## Available data
----------

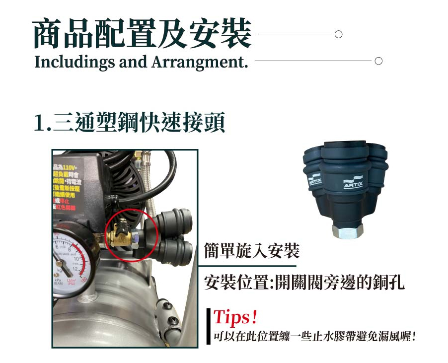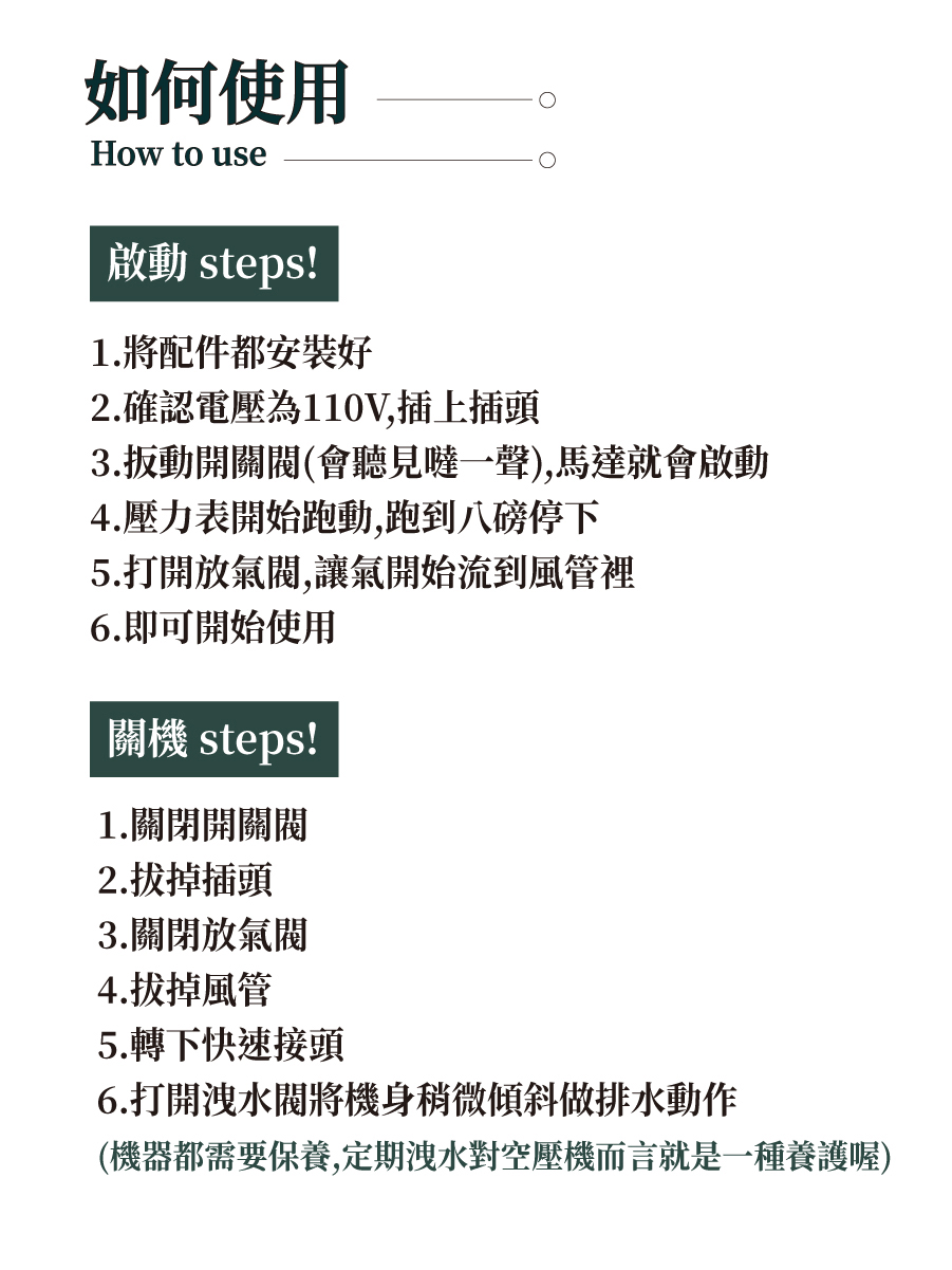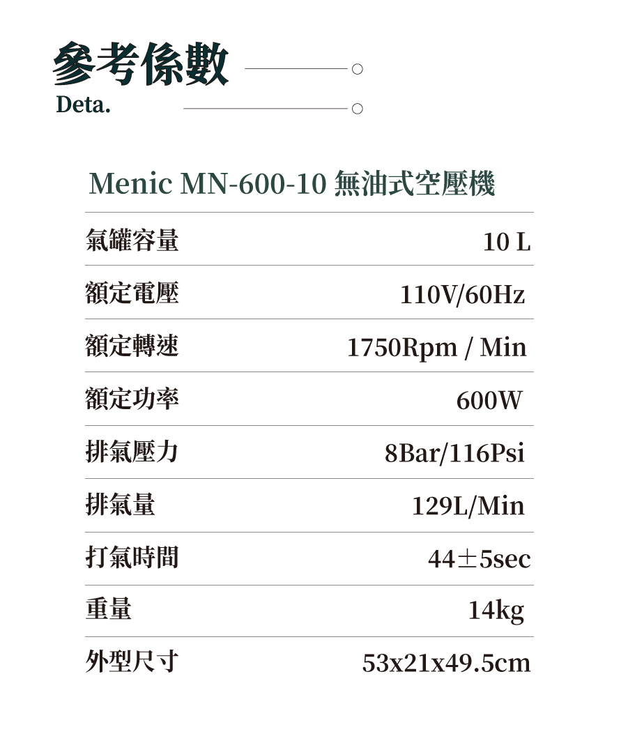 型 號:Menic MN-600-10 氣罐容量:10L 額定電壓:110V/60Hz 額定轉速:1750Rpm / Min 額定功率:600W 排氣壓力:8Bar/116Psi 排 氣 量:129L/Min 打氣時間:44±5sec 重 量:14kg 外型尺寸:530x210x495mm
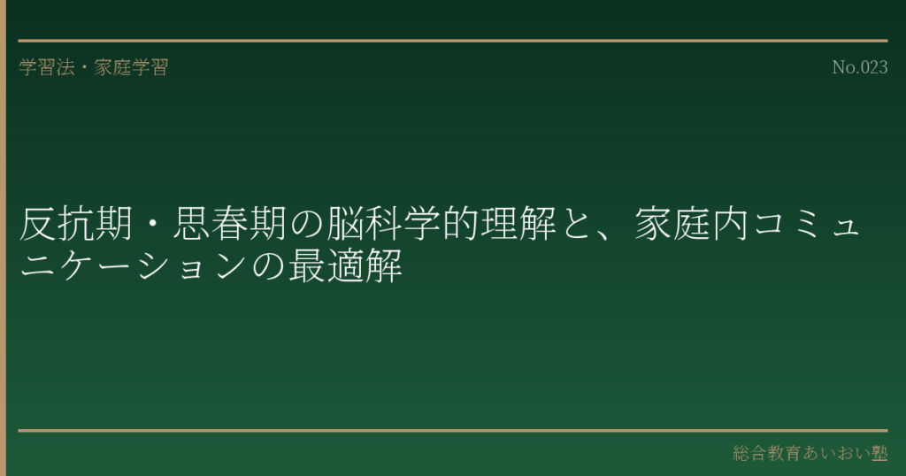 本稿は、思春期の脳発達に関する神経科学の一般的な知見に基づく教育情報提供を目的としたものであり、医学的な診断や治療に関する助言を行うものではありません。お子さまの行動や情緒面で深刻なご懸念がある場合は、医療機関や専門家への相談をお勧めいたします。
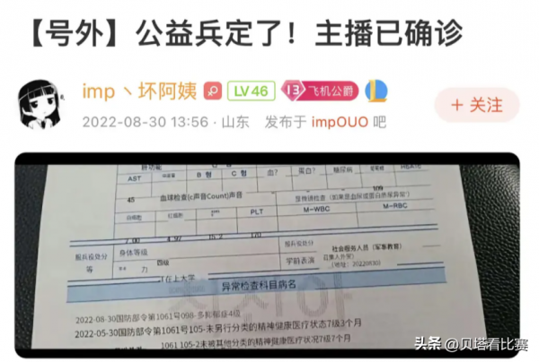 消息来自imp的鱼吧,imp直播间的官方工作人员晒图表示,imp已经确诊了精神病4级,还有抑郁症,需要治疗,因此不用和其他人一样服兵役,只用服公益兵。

----------

## Exercise
Omit the pictures and write out the remaining data exactly.

## Output for this task
 型 號:Menic MN-600-10 氣罐容量:10L 額定電壓:110V/60Hz 額定轉速:1750Rpm / Min 額定功率:600W 排氣壓力:8Bar/116Psi 排 氣 量:129L/Min 打氣時間:44±5sec 重 量:14kg 外型尺寸:530x210x495mm
 本稿は、思春期の脳発達に関する神経科学の一般的な知見に基づく教育情報提供を目的としたものであり、医学的な診断や治療に関する助言を行うものではありません。お子さまの行動や情緒面で深刻なご懸念がある場合は、医療機関や専門家への相談をお勧めいたします。
 消息来自imp的鱼吧,imp直播间的官方工作人员晒图表示,imp已经确诊了精神病4级,还有抑郁症,需要治疗,因此不用和其他人一样服兵役,只用服公益兵。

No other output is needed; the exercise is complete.